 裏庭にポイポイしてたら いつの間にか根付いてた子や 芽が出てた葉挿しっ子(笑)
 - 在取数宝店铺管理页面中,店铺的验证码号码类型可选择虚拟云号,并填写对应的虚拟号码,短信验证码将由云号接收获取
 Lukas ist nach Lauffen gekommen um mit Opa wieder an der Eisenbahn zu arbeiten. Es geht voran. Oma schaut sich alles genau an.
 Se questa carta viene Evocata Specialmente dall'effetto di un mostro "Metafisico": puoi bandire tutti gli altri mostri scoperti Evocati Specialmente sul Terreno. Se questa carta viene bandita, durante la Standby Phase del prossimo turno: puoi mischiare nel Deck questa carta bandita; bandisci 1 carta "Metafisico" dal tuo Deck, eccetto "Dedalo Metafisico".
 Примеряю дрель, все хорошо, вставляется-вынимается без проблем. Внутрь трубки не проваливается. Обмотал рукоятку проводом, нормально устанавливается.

---

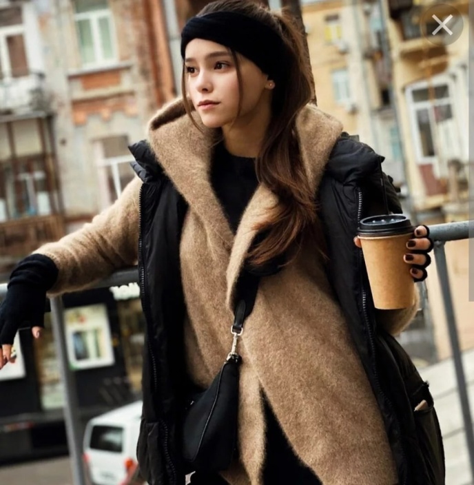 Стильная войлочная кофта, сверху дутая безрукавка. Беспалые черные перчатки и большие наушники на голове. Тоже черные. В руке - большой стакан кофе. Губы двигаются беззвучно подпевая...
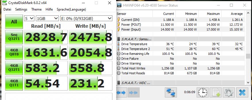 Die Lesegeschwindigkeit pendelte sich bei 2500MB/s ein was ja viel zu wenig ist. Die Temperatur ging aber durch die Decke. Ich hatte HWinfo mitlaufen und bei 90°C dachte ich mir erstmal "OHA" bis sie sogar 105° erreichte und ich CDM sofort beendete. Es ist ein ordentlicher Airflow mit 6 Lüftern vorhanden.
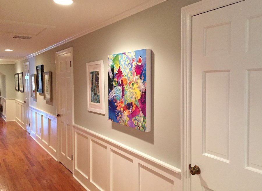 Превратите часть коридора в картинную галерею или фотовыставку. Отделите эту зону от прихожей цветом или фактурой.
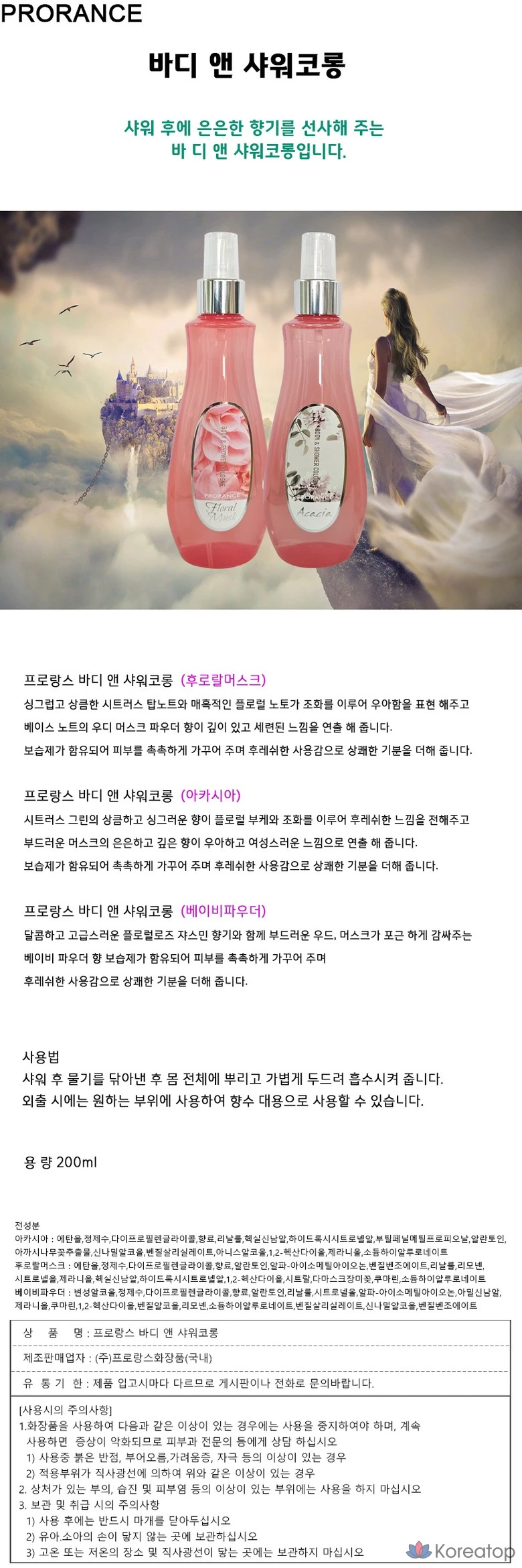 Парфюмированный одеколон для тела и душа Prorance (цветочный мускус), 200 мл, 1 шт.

* * *

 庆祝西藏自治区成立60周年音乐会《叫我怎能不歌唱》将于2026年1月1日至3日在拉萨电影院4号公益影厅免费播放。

# Exercise requirements:
Would you please copy, word for word, everything above from the line containing "Se questa carta viene Evocata" down to the line containing "Примеряю дрель, все", those two lines included?

# Solved problem:
 Se questa carta viene Evocata Specialmente dall'effetto di un mostro "Metafisico": puoi bandire tutti gli altri mostri scoperti Evocati Specialmente sul Terreno. Se questa carta viene bandita, durante la Standby Phase del prossimo turno: puoi mischiare nel Deck questa carta bandita; bandisci 1 carta "Metafisico" dal tuo Deck, eccetto "Dedalo Metafisico".
 Примеряю дрель, все хорошо, вставляется-вынимается без проблем. Внутрь трубки не проваливается. Обмотал рукоятку проводом, нормально устанавливается.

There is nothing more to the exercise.